**EXERCISE DESCRIPTION:**
Could you copy the data that follows exactly as written, but drop the pictures?
INFORMATION PROVIDED Start Marker
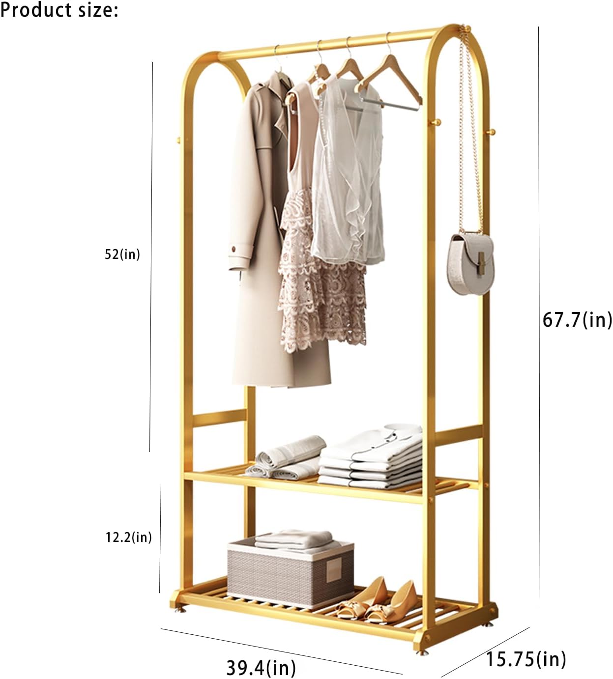 HOMEKAYT Gold Clothing Rack with Wooden Shelf for Boutique Retail Heavy Duty Hanging Rack- 59’’L
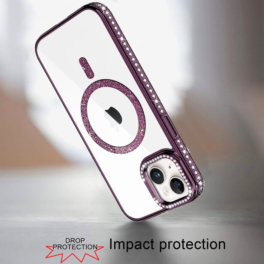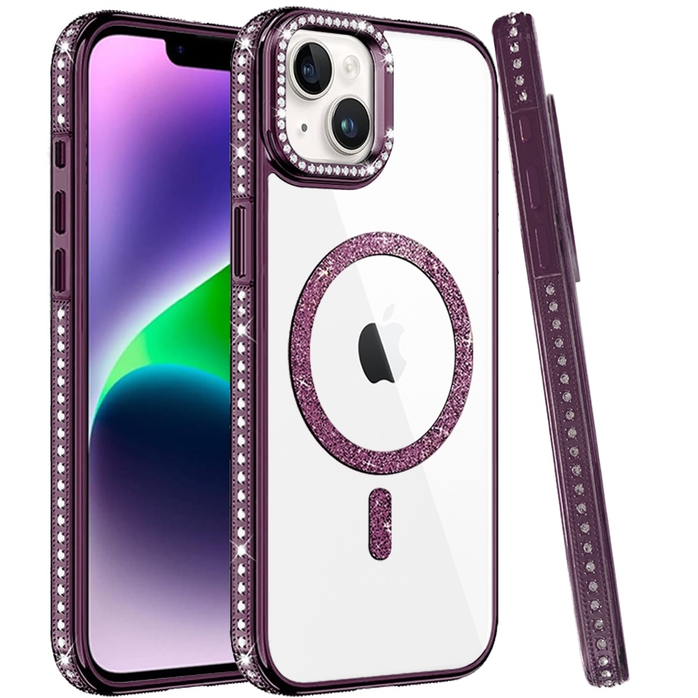For iPhone 13/14 Luxury Diamond Edged Magnetic Glitter Circle Hybrid with Camera Stand - Dark Purple
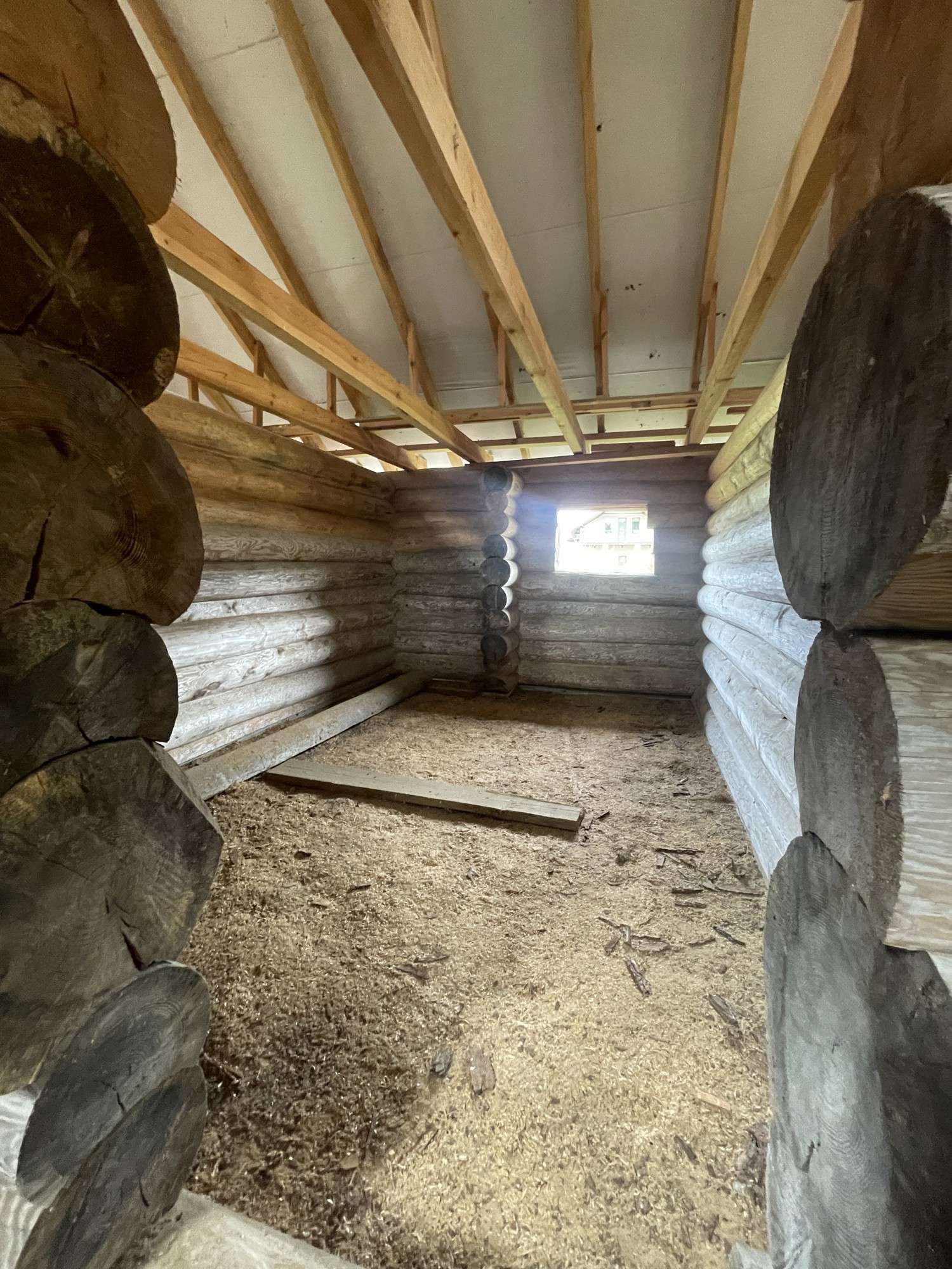 Дом с мансардой выполнен по технологии рубки сруба "в русскую чашу", что обеспечивает и сохраняет отличные тепло- и звукоизоляционные характеристики. Пазы в местах соединения бревен способствуют лучшему удержанию тепла внутри помещения и снижению внешнего шума. Материал дома - сосна, рубка осуществлялась в зимний период. Кровля - металлочерепица польского качества, на мансардном этаже установлены окна ПВХ.
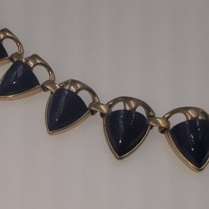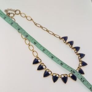 This striking Stella & Dot necklace showcases a modern geometric design with deep blue triangular elements set in a gold-toned frame. The bold contrast between the blue and gold creates an eye-catching statement piece perfect for any occasion.
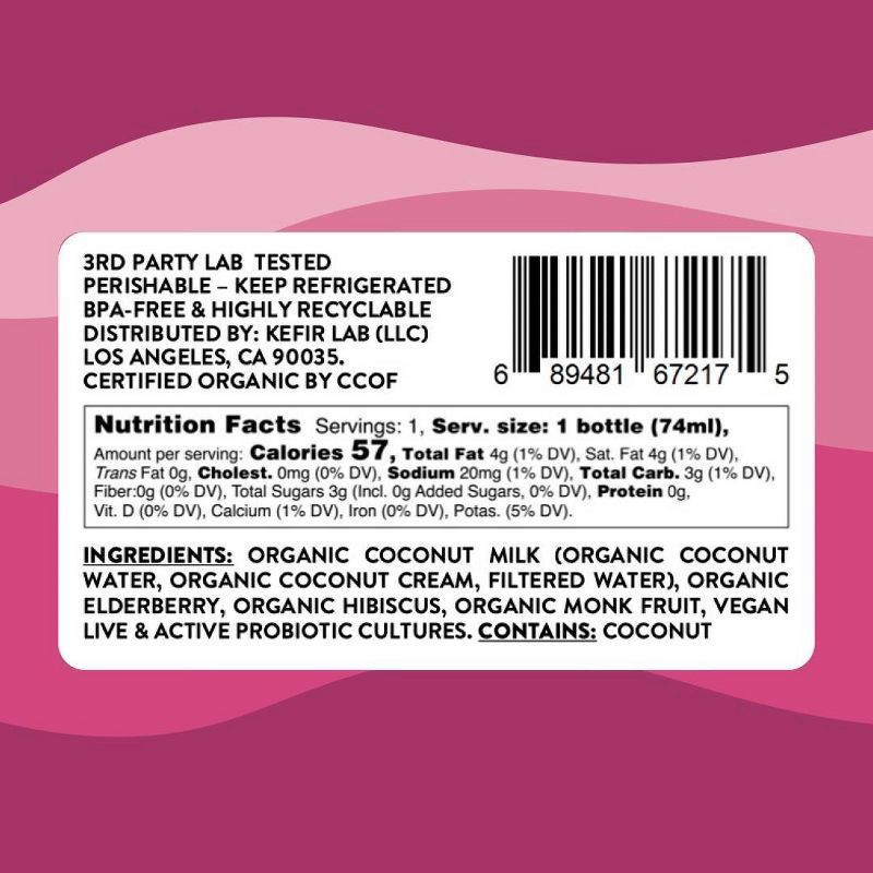 ORGANIC COCONUT MILK (ORGANIC COCONUT WATER, ORGANIC COCONUT CREAM, FILTERED WATER), ORGANIC ELDERBERRY, ORGANIC HIBISCUS, ORGANIC MONK FRUIT, VEGAN LIVE & ACTIVE PROBIOTIC CULTURES.' '
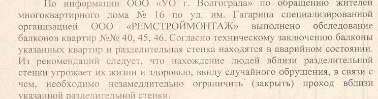 Фрагмент ответа от Администрации Волгограда
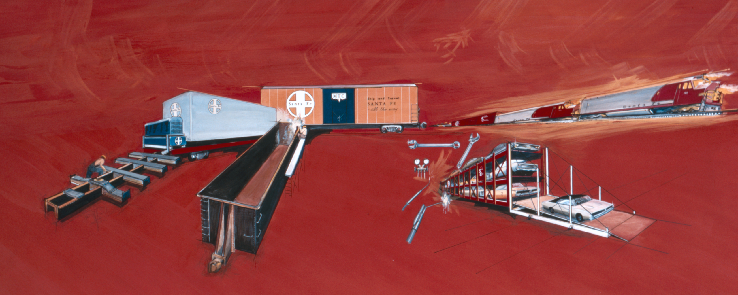Santa Fe, Topeka Motive Power Building, KS, 9-1968. Locomotive Simulator Training Displays drawn by Industrial Artist Fred Steig.
INFORMATION PROVIDED End Marker
**FINAL ANSWER:**
 HOMEKAYT Gold Clothing Rack with Wooden Shelf for Boutique Retail Heavy Duty Hanging Rack- 59’’L
For iPhone 13/14 Luxury Diamond Edged Magnetic Glitter Circle Hybrid with Camera Stand - Dark Purple
 Дом с мансардой выполнен по технологии рубки сруба "в русскую чашу", что обеспечивает и сохраняет отличные тепло- и звукоизоляционные характеристики. Пазы в местах соединения бревен способствуют лучшему удержанию тепла внутри помещения и снижению внешнего шума. Материал дома - сосна, рубка осуществлялась в зимний период. Кровля - металлочерепица польского качества, на мансардном этаже установлены окна ПВХ.
 This striking Stella & Dot necklace showcases a modern geometric design with deep blue triangular elements set in a gold-toned frame. The bold contrast between the blue and gold creates an eye-catching statement piece perfect for any occasion.
 ORGANIC COCONUT MILK (ORGANIC COCONUT WATER, ORGANIC COCONUT CREAM, FILTERED WATER), ORGANIC ELDERBERRY, ORGANIC HIBISCUS, ORGANIC MONK FRUIT, VEGAN LIVE & ACTIVE PROBIOTIC CULTURES.' '
 Фрагмент ответа от Администрации Волгограда
Santa Fe, Topeka Motive Power Building, KS, 9-1968. Locomotive Simulator Training Displays drawn by Industrial Artist Fred Steig.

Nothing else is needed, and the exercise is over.